The difference are that the Czech already had a rather developed national identity even before their national awakening, while the Slovenians hadn’t. They had been treated like any other Austrians for a millennium, while the Czech thanks to the political structure of Bohemia had been treated different. The Poles are also a bad comparison as a strong Polish identity already existed
This doesn't really matter as Slovenians were already developing an identity as well and the Czechs weren't really that "developed" as they also experienced similar things to many other nationalities during the late18th and 19th century:
https://en.wikipedia.org/wiki/Czech_National_Revival
I'm not sure how much the different political structure matters, if anything Bohemia was ruled pretty strictly during the 17 and 18th century.
It’s core part of the Austria, because it have been in union with the rest of Austria for so long. You could just as well ask why Styria or Carinthia was core parts of Austria.
Well ruled 2 centuries more than Bohemia, but I don't think that's really what makes something a core territory.

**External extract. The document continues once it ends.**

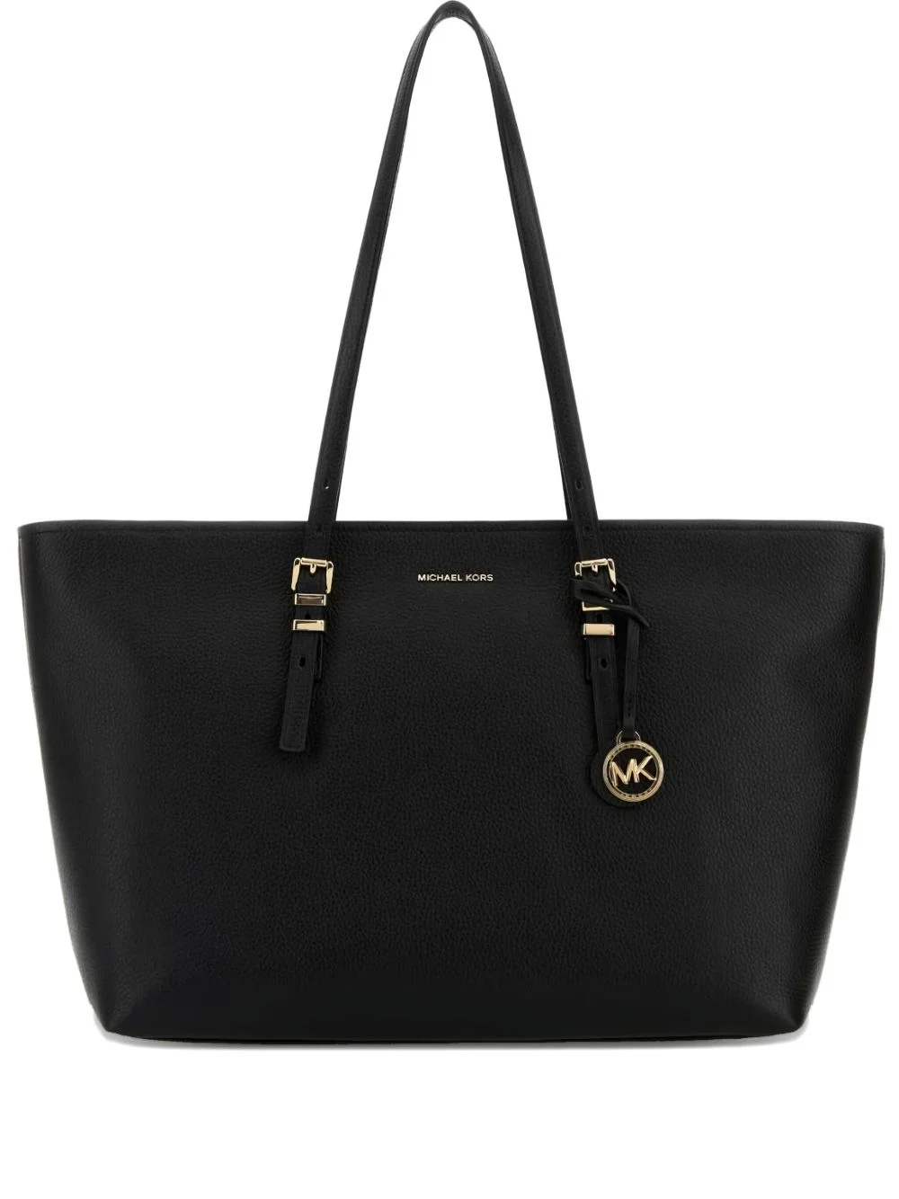 logo-lettering shoulder bag Highlights - Black - Logo pendant charm - Dual flat shoulder straps - Gold-tone hardware - Main compartment - Internal slip pockets Imported Composition Outer: Leather 100%, Polyurethane 60%, Cotton 20%, Polyester 20% Lining: Polyester 100% SIZE & FIT Measurement DEPTH 5.11 in(13 cm) HEIGHT 11 in(27.9 cm) WIDTH 18.5 in(46.9 cm)

Also yes, I would say both Styria and Carinthia are not core territories of the Austrian state, even if just taking Cislethania in consideration, the core of the Austrian states was "always" the Danube valley, Pannoia, Czechia and Slovakia.

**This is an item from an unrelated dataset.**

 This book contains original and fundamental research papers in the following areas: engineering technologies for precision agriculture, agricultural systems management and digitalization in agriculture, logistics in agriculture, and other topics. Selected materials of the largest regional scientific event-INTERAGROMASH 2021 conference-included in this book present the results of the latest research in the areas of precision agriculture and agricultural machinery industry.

Strange, why does Prussia get to keep its land outside of the German Confederation but not Austria?
Anyways as others have stated Bohemia probably gets a fair amount of autonomy.
The Slovene national awakening is already underway so I don't see them being assimilated. However, like Lusatia, I don't see it gaining any formal autonomy despite their distinct and geographically contiguous culture. Unless of course this Germany's constitution had some goofy provision that would make that desirable for cynical reasons (like if there was some sort of representative body where each member kingdom got one vote, in which case a Slovene kingdom would increase the Habsburg vote by 50%).
Prussian territory had a large portion of Germans and a relatively small amount of minorities, a relevant portion of which was still Protestant, in this case Austria could probably take Ödenburg/Sopron and Preßburg/Bratislava and push the border eastwards but even the territory inside the Gemran confederation have a lot of non-Germans. The 2 situations are not comparable for this reason.
But why would Bohemia get autonomy over Slovenians? There are substantial amounts of Germans in the region(1/3 of the population), the religion is catholic and the area is a core industrial and economical regions surrounded by German land.